Но это, очевидно, не так. Как бы в ответ на его слова откуда-то издалека доносится лай, а вслед за тем на гребне холма появляется собачья упряжка. Некоторое время она несется вдоль гребня, потом — вниз, по пологому склону холма. Она огибает озеро, пересекает снежное поле аэродрома и резко останавливается неподалеку от домика, в котором горит свет. Оттуда, услышав заливистый лай приближающейся собачьей упряжки, люди уже бегут навстречу позднему гостю. Они окружают нарту.

С нарты встает невысокого роста старик. Видно, что он проделал немалый путь. Усы его, брови и ресницы покрыты инеем. Он откидывает назад малахай, и его седую — словно тоже покрытую инеем — голову освещает холодный зеленоватый свет полярного сияния.

Старик одет по-праздничному. На нём широкий балахон из оленьей замши, на спине болтается белая шкурка горностая; штаны, сшитые из светлых камусов — узких полосок шкуры с оленьих ног, — аккуратно заправлены в низкие торбаса; подошвы торбасов подшиты мехом белого медведя.

Такую одежду без особой причины не наденешь. Значит, есть у старика какая-то особая причина.

Не поздоровавшись, он торопливо спрашивает:

— Могу я узнать, не улетел ли ещё товарищ Этувги?

— Нет, еще не улетел, — отвечает сам Этувги.

— Это очень хорошо, — говорит старик, облегченно вздыхает и, широко улыбаясь, начинает по очереди пожимать руки всем обступившим нарту.

— Это очень хорошо, — повторяет он, — а то я уже боялся, что опоздаю. Меня зовут Гэмауге. Мне надо видеть товарища Этувги и надо говорить с ним. Скажите ему, что с ним хочет поговорить старый Гэмауге из колхоза «Утро».

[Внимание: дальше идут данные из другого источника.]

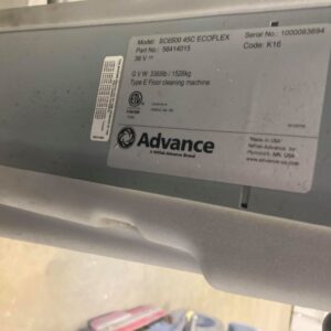 | ADVANCED SC6500-45C DISK SCRUBBER W/CHARGER; FULLY OPERATIONAL; MISSING SQUEEGEE VACUUM HOSE, REAR SQUEEGEE ASSEMBLY & RIGHT SIDE SQEEGEE |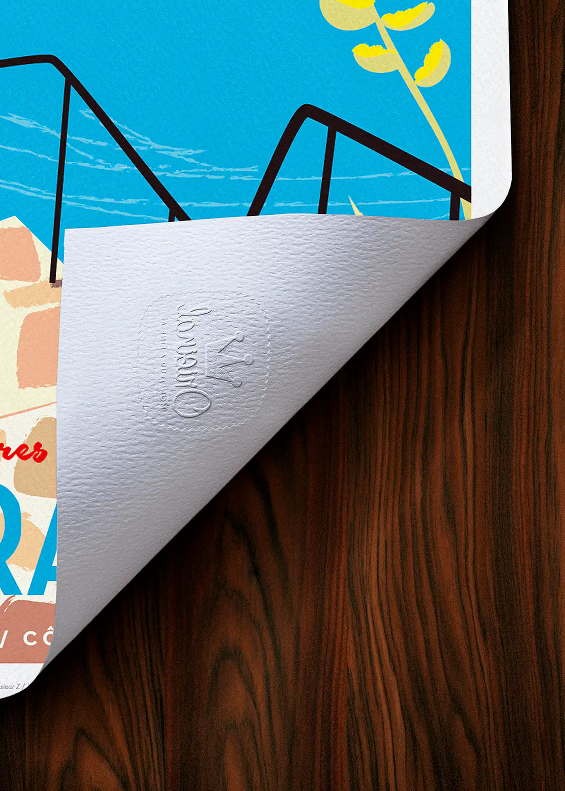 Un gaufrage discret, apposé directement sur le papier, certifie l’origine et la qualité du tirage. Ce sceau inaltérable est une marque d’authenticité.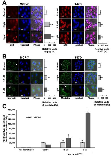 Several experiments on expression analyses by Western blotting showed the stabilization and accumulation of wild-type p53 protein in MortaparibPlus-treated MCF-7 as compared to the untreated control (Figure 2C). On the other hand, the mutant p53 protein was intrinsically accumulated in the control untreated T47D cells, as previously reported [], and there were no significant changes in its accumulation level in response to MortaparibPlus treatment (Figure 2C). Interestingly, the p53 downstream effector gene p21WAF1 (the major regulator of p53-mediated cell cycle arrest) was remarkably upregulated only in MortaparibPlus-treated MCF-7 cells. MortaparibPlus-treated T47D cells did not show a change in p21WAF1 (Figure 2C). On the other hand, the level of proteins directly involved in apoptosis (BAX and PUMA) showed a minor increase in MortaparibPlus-treated MCF-7, but not T47D, cells (Figure 2C,D). We also performed a similar expression assay on normal lung fibroblasts. As shown in Figure 2D (representative Western blot and quantitation obtained from three independent sets of experiments), MortaparibPlus did not cause any remarkable difference in the expression level of p53 or its downstream effector p21WAF1 in either TIG-3 or MRC-5 cells. We next examined the sub-cellular localization of the accumulated p53 protein and the mortalin staining pattern in control and MortaparibPlus-treated cells by immunocytochemistry. As shown in Figure 3A, whereas p53 staining was negligible in the control untreated MCF-7 (p53WT) cells, MortaparibPlus-treated cells showed clear p53 enrichment in the nuclei. On the other hand, T47D cells showed almost equal intensity of mutant p53L194F in the nuclei of both the untreated and treated cells. Of note, as shown in Figure 3B, the shift in mortalin staining pattern from perinuclear in control to pan-cytoplasmic in treated cells was confirmed in both MCF-7 and T47D cells. Furthermore, we performed p53 wild-type specific luciferase reporter (PG13-Luc) assay to determine the transcriptional activation function of p53. As shown in Figure 3C, the wild-type p53-dependent luciferase reporter activity showed a dramatic increase in MortaparibPlus (both 1.5 μM and 3 μM)-treated MCF-7, but not T47D, cells. Taken together, these data suggested that MortaparibPlus abrogated mortalin–p53 interactions in MCF-7 as well as T47D cells (Figure 2A,B); however, only MCF-7 (wild type p53) showed stimulation of the transcriptional activation function of p53.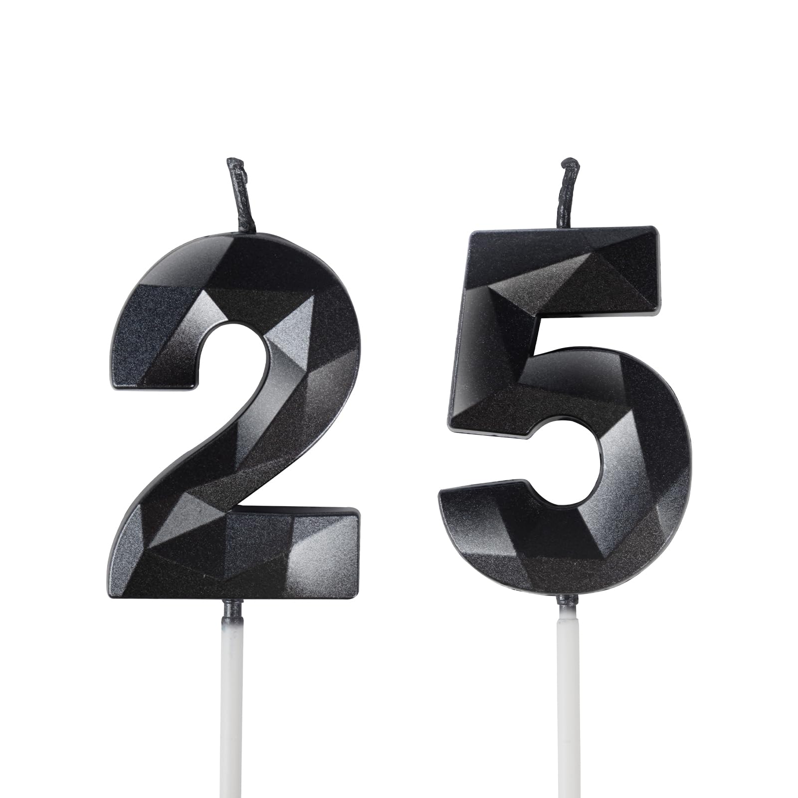 25th Birthday Candles,Number 25 Candles,Black Happy Birthday Candle for Cake,3D Design Cake Topper Decorations for Women Men Birthday Party Wedding Anniversary Celebration Supplies Features: 3D Delicate appearance: The happy birthday cake candles are meaningful for you to celebrate your birthday and nice cake topper decoration for embellishing your cake and cupcake, bright glow for creating romantic atmosphere and adding a touch of elegant. Adapt to the venue: Ideal cake decoration for many occasions, such as birthdays, pet birthdays, baby showers, anniversaries, retirement parties, family reunions, weddings, Hawaiian parties, even Christmas, must-have items for party cake, bring you memorable and meaningful party. Specifications: Quantity: 2 piece Material: wax, plastic Candle length: approx. 5 cm/ 1.97 inch Total length: approx. 11.5 cm/ 4.5 inch Color: as pictures shown Package includes: 1 x Black Number 2 and 5 Numeral Cake Candles Warm notices: Please allow little error on the size due to manual. Do not leave the lighted candles unattended. Please place candles out of reach of children. And please do not light candles on or near flammable materials. Please keep the candle away from the fire when not in use, when burning, adult's supervision is needed.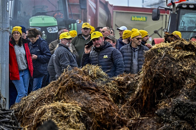 Jose Perez Co President de la CR47 - Les Agriculteurs déversent du fumier devant la Direction Départementale du Territoire à Agen, le 23 janvier 2024. © Thierry Breton / Panoramic / Bestimage Farmers dump manure in front of the Departmental Territorial Directorate in Agen, January 23, 2024.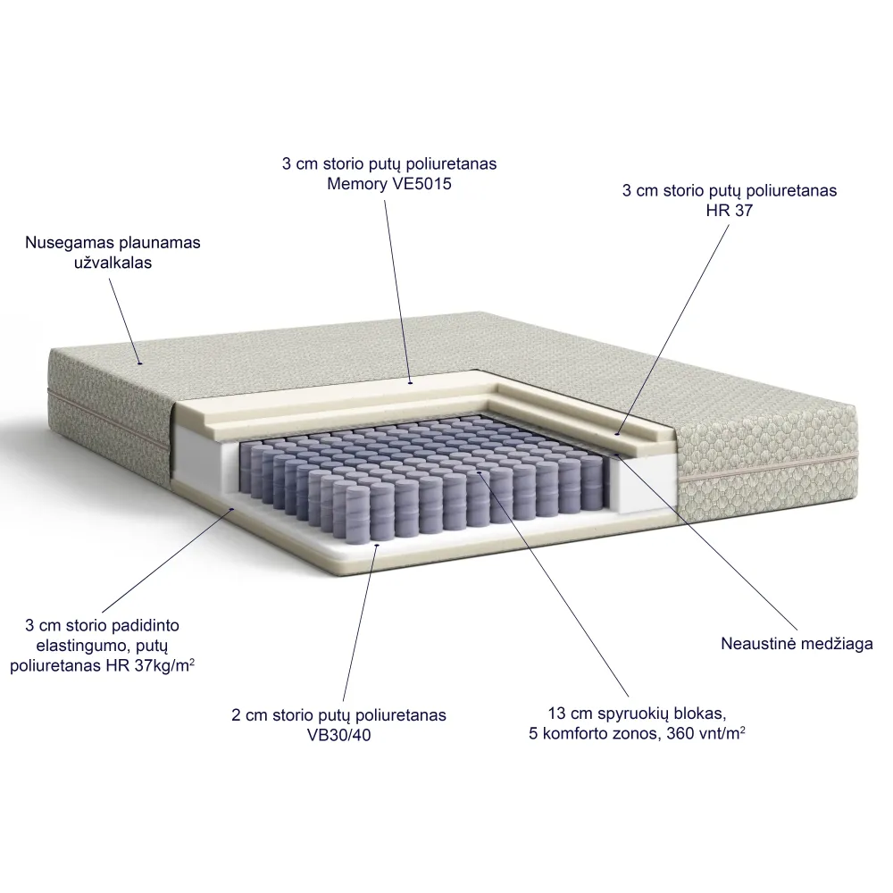 Dvipusis: vidutinio kietumo arba kietas | Spyruoklių blokas MULTI POCKET | Prisitaiko prie Jūsų kūno | Neperduoda partnerio judesių | Porolono Memory sluoksnis | Nusegamas skalbiamas užvalkalas | Kiekviena spyruoklė įvilkta į tekstilinius maišelius | 7 dydžiai: 90x200, 100x200, 120x200, 140x200, 160x200, 180x200, 200x200.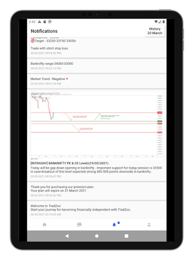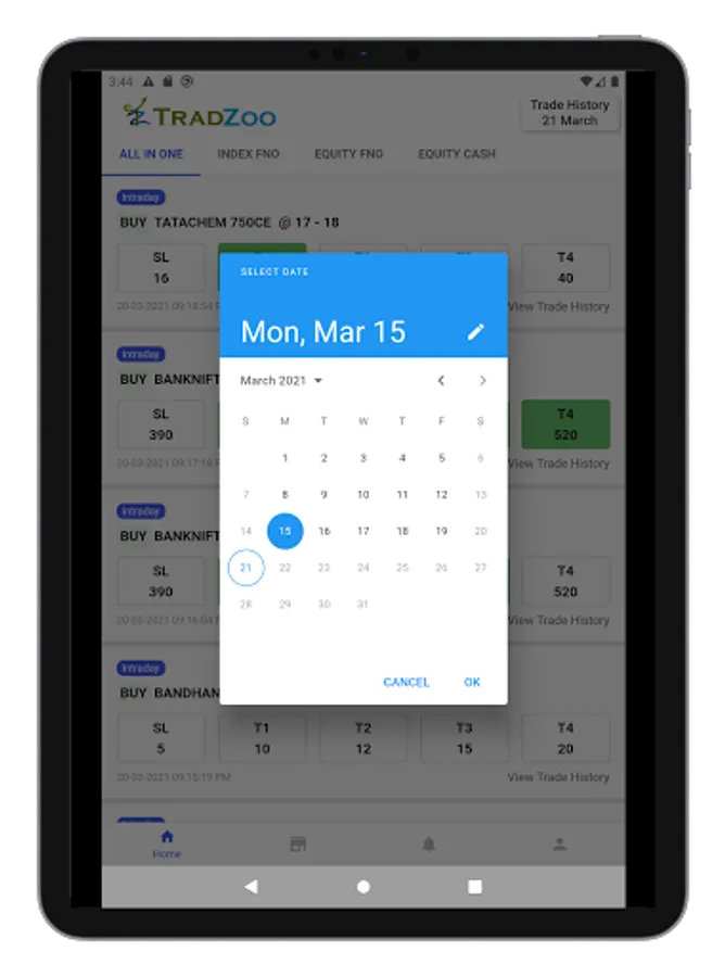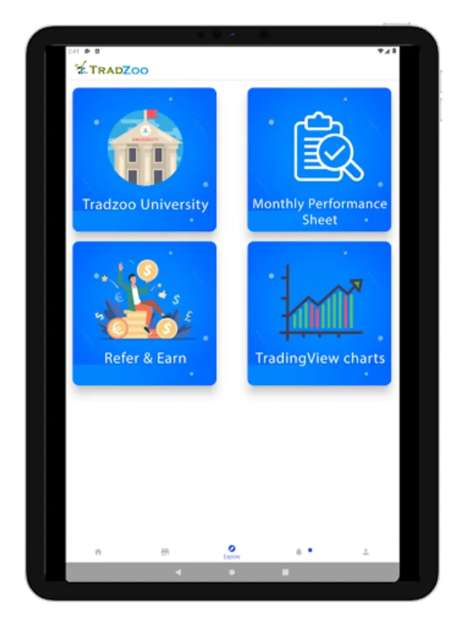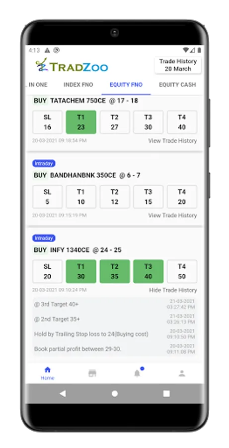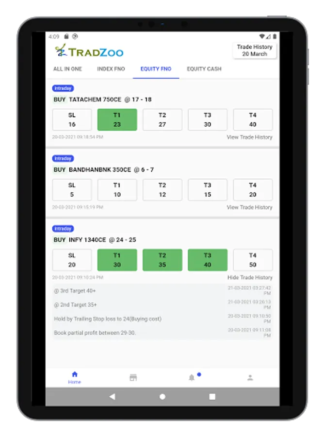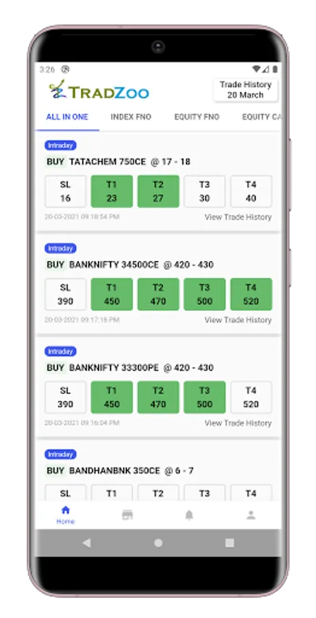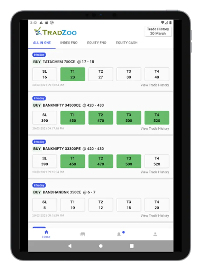 TradZoo provides you free intraday learning and historical ideas. This app is only to watch market prices and learning swing/intraday Analysis.

— Будем знакомы, товарищ Гэмауге. Я и есть Этувги.

* * *

Старый прославленный косторез Гэмауге давно дружит с охотником Мэмылем. Трудно найти друзей, которые так подходили бы друг к другу, как они. Во-первых, они соседи. Во-вторых, оба очень любят искусство, особенно резьбу по кости. В-третьих, оба давно уже овдовели; Гэмауге сам вырастил сына, а Мэмыль вырастил дочь. В-четвертых… Но тут пойдут уже не сходства, а различия. Гэмауге целые дни просиживает над своей работой, неделями не видно его в поселке, а за пределы поселка он иногда и годами не выезжает. Что же касается Мэмыля, то без него, кажется, не обходится ни один интересный вечер в клубе, ни одно собрание, ни одно семейное торжество: всюду его приглашают, и везде он успевает побывать — и у соседей, и на полярной станции, и даже у дальних родственников, живущих в других поселках, в десятках километров от колхоза «Утро». Кроме того, косторез Гэмауге настолько же молчалив, насколько разговорчив охотник Мэмыль.

И надо сказать, что эти различия скрепляют их дружбу не меньше, чем общие черты. Резьба по кости — работа трудная, медленная. Хорошо, когда рядом сидит приятель, умеющий порассказать обо всём на свете. Гэмауге любит, работая, послушать, а Мэмыль любит рассказывать. Он сообщает и о том, что сам повидал, и о том, что слышал от других, и о том, что написано в книгах. Правда, в грамоте никогда он не был силен, но его дочь Тэгрынэ пересказывала ему содержание каждой прочитанной книги.

Скажем, вырезает Гэмауге на твердой кости моржового клыка ветвистые, прижатые к спине рога скачущего по тундре оленя. И пока он успевал вырезать один только рог, Мэмыль, следя за его руками, успевал рассказать и обо всех событиях последнего выезда на охоту, и о замечательных подвигах Гайаваты, и о том, что механик с соседнего маяка собирается жениться на учительнице Нине Ивановне. Старому Гэмауге всё это было интересно, хотя о механике и о Нине Ивановне, как и о героях «Гайаваты», он слышал впервые в жизни.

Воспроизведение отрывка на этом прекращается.